At the end of November, 2013, the Big Day happened. The comet travelled close to the sun. For a couple of days, it was completely invisible since it was in the daytime glare. Time would tell whether it could survive. After November 29, astronomers would look for the distinctive coma, or lack of one. If the object survived, the view in the night sky would potentially be as stunning as any in history. If it did not survive, the show would be over.

Alas, the close approach to the sun proved fatal for Comet ISON. Despite the hopes of many in the field of astronomy, the visiting object was not able to withstand the head, solar wind and gravity that it experienced. The small object was torn apart. The dazzingly show that was to be was over before it could even get started. Far from being compared to Halley, Hale-Bopp, or others, this astronomical visitor could only be compared to wispy clouds that you might see at sunset, and it would not even be as spectacular as that. No, this object was rendered inert by our star.

Other comets in history have passed close by and been quite spectacular[1]. The coma, spreading across the night sky, is one of the brightest sights in astronomy. It is quite unlike any other display in the sky, being more like the Northern Lights than any other astronomical event. Ironically, other celestial visitors have actually passed closer than this one. Some have even collided with the sun in years past. At least this visitor did not meet that particular fate.

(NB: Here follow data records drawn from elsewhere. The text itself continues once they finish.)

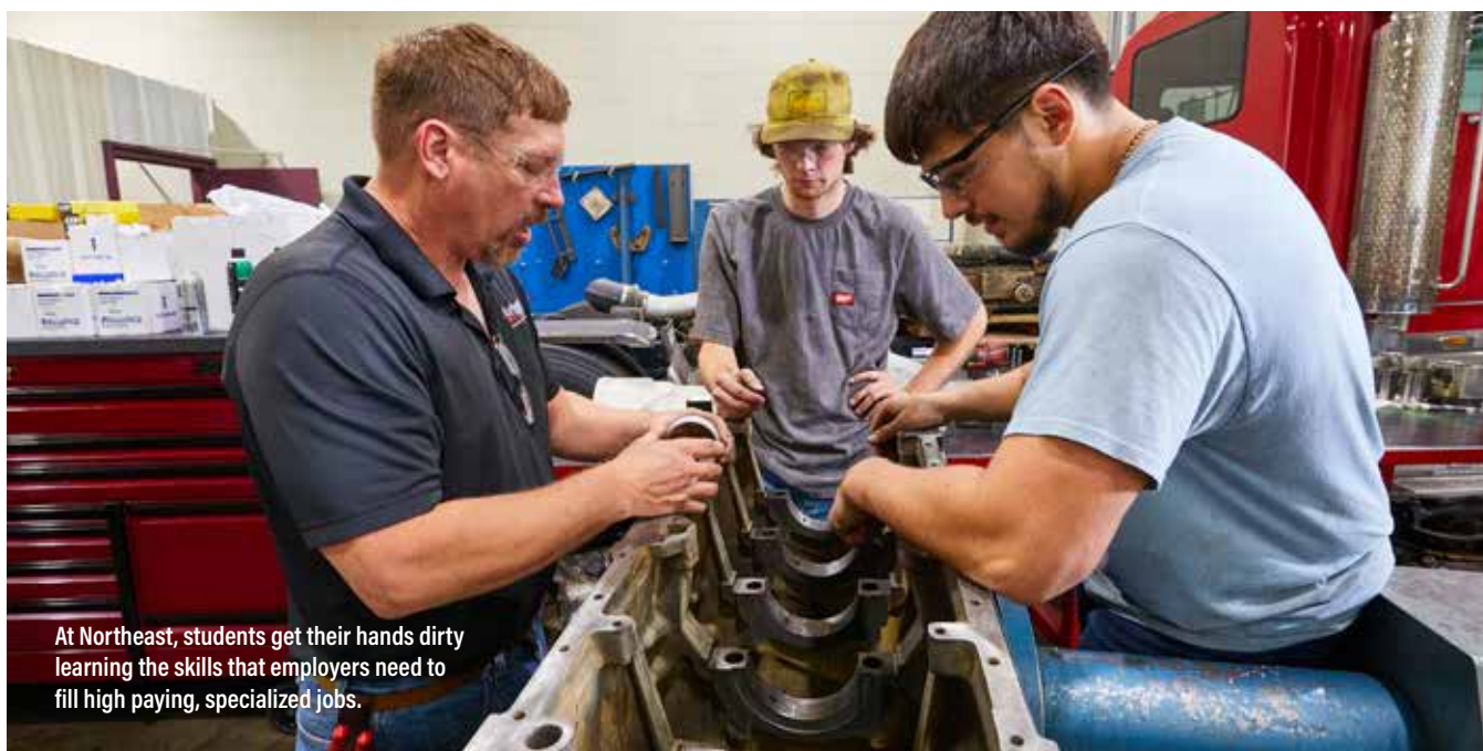
At Northeast, students get their hands dirty learning the skills that employers need to fill high paying, specialized jobs.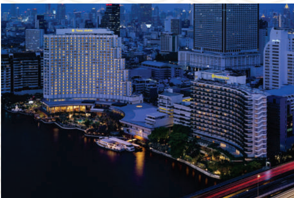
Luxury Recommendation Shangri-La Hotel, Bangkok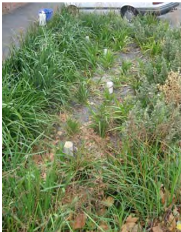
Figure 1. Spatially distributed monitoring points

For bioretention systems with a surface area less than 50 m 2 , in situ hydraulic conductivity testing should be conducted at three points that are spatially distributed (Figure 1). For systems with a surface area greater than 50 m 2 , an extra monitoring point should be added for every additional 100 m 2 . It is essential that the monitoring point is flat and level. Vegetation should not be included in monitoring points.

NASA reports that perhaps ISON did not break up entirely. Reports are now published which describe small surviving components, fractions of the original body. These may yet provide some scientific value to the astronomy field. Further study of the debris is to be carried out for some time in order to learn whatever is possible from this object. Analysis of the coma can reveal much. There could be quantities of water and other materials. Most such objects are icy so water is practically a certainty. How much may never be known, of course, due to the demise. The study of other particles may be able to detect particular elements as well.

The next scientific opportunity for ISON comes in mid January, 2014. At that time, the Earth will pass near the orbital path. Residual debris may then be detected by scientific instruments. A meteor shower may also occur. Because the bulk of the material was destroyed by the sun, however, there may be little left to observe in January. Astronomers will study the sky, regardless, hoping to make a determination of meteors which could be tracked back to ISON. If so, this would be a rare event. Most meteor showers occur when the Earth passes through coma trails that have existed for countless years. To have one event happen just weeks after the close approach is a rare, (or even unique), possibility.

If Comet ISON had survived the close approach to the sun in November, 2013, it certainly would have become a famous astronomy feature. The object had the potential to be an amazingly bright night time visitor. These displays have dazzled people for many centuries and many such events have been legendary. This one was potentially going to be as spectacular as any that had come before, or that would ever happen in the future. The hype did not match reality, however. The conditions presented to the object as it neared the inner portion of the solar system proved to be too much. The object was actually far to small to withstand these harsh conditions. As a result, the show never materialized. It could have been glorious, but was not. These types of events do happen from time to time. Someday, and with little notice, another visitor from the far reaches of space will drop by. It will produce a bright coma tail, visible as a wide swath in the night sky. That future visitor will be observed, and remembered, by viewers at that time. Science will be advanced. Many millions of photographs will be taken. The glory that was to be for ISON will, instead, belong to another yet un-named item. [1]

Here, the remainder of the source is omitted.